TASK BRIEF: Every line from the first one in the data below through the line holding "Zespół Szkół im." is to be written out exactly, with the pictures omitted.

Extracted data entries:
*** Begin section ***

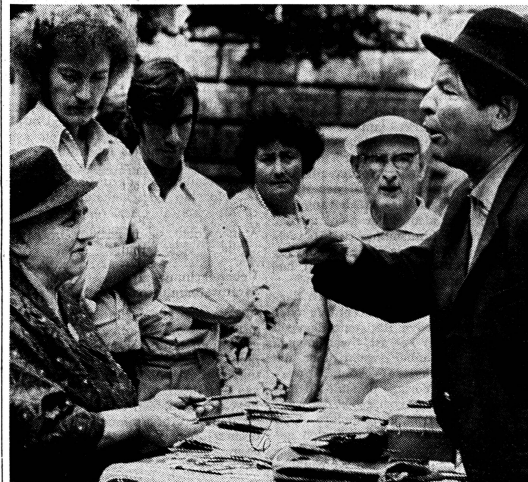
Lassen Frauen sich leichter von Wundermitteln überzeugen als Männer?
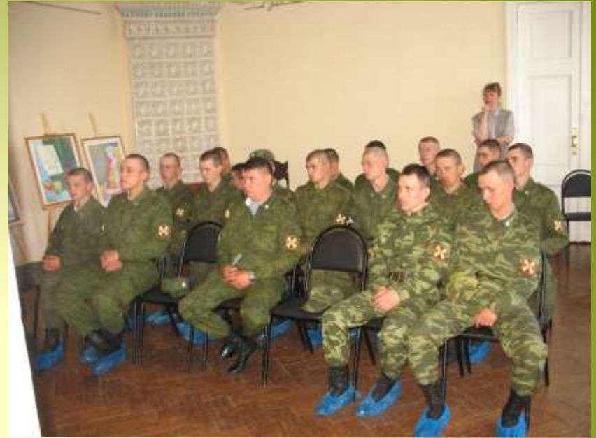
Войсковая часть № 7408
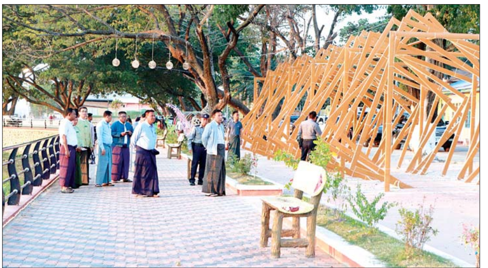
ညနေပိုင်းတွင် အများပြည်သူ အပန်းဖြေနေရာအဖြစ် အား လိုအပ်သည်များ လမ်းညွှန်မှာကြားခဲ့ကြောင်း တည်ဆောက်ထားသည့် ပြည်မြို့ ကမ်းနားလမ်းကို သိရသည်။ သွားရောက်ကြည့်ရှုစစ်ဆေးပြီး တာဝန်ရှိသူများ တိုင်းဒေသကြီး(ပြန်/ဆက်)

ဆက်လက်၍ တိုင်းဒေသကြီး ဝန်ကြီးချုပ်သည် တိုင်းဒေသကြီးအစိုးရအဖွဲ့ အစီအစဉ်ဖြင့် ပြည်မြို့ MSMEs ဒေသထွက်ကုန်များ အရောင်းစင်တာသို့ သွားရောက်ကြည့်ရှုအားပေးပြီး ဒေသအလိုက် ထွက်ကုန်များ မူရင်းဈေးအတိုင်း အမယ်စုံရောင်းချသွားနိုင်ရေး လမ်းညွှန်မှာကြားခဲ့သည်။ ယင်းနောက် တိုင်းဒေသကြီး ဝန်ကြီးချုပ်သည်
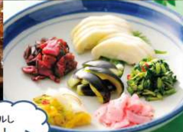
近江つけもの詰め合わせ
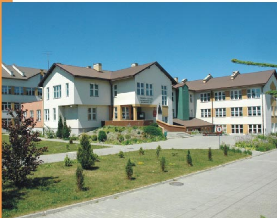
Zespół Szkół im. Jana Pawła II w Sokołowie Małopolskim John Paul II School complex in Sokółka Małopolski

Przy szkołach funkcjonują boiska sportowe, stale trwa też rozbudowa i unowocześnianie bazy dydaktycznej. Uczniowie korzystają z kółek przedmiotowych i realizują swoje zainteresowania w ramach zajęć pozalekcyjnych. Dzieci i młodzież mogą również rozwijać swe zdolności w miejscowej Niepaństwowej Szkole Muzycznej I stopnia.
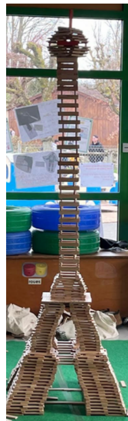
la Tour Eiffel
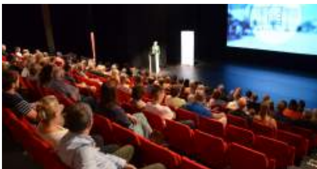
Réception des Nouveaux habitants
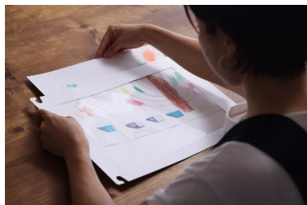
1.絵をポケットフレームに入れる
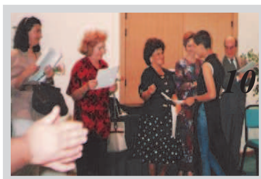
PREFORMIS para jovens desfavorecidos

“ Para ganhar um Ano Novo, que mereça este nome, você, meu caro, tem de merecê-lo ”

*** End section ***

OUTPUT OF THE EXERCISE:
Lassen Frauen sich leichter von Wundermitteln überzeugen als Männer?
Войсковая часть № 7408
ညနေပိုင်းတွင် အများပြည်သူ အပန်းဖြေနေရာအဖြစ် အား လိုအပ်သည်များ လမ်းညွှန်မှာကြားခဲ့ကြောင်း တည်ဆောက်ထားသည့် ပြည်မြို့ ကမ်းနားလမ်းကို သိရသည်။ သွားရောက်ကြည့်ရှုစစ်ဆေးပြီး တာဝန်ရှိသူများ တိုင်းဒေသကြီး(ပြန်/ဆက်)

ဆက်လက်၍ တိုင်းဒေသကြီး ဝန်ကြီးချုပ်သည် တိုင်းဒေသကြီးအစိုးရအဖွဲ့ အစီအစဉ်ဖြင့် ပြည်မြို့ MSMEs ဒေသထွက်ကုန်များ အရောင်းစင်တာသို့ သွားရောက်ကြည့်ရှုအားပေးပြီး ဒေသအလိုက် ထွက်ကုန်များ မူရင်းဈေးအတိုင်း အမယ်စုံရောင်းချသွားနိုင်ရေး လမ်းညွှန်မှာကြားခဲ့သည်။ ယင်းနောက် တိုင်းဒေသကြီး ဝန်ကြီးချုပ်သည်
近江つけもの詰め合わせ
Zespół Szkół im. Jana Pawła II w Sokołowie Małopolskim John Paul II School complex in Sokółka Małopolski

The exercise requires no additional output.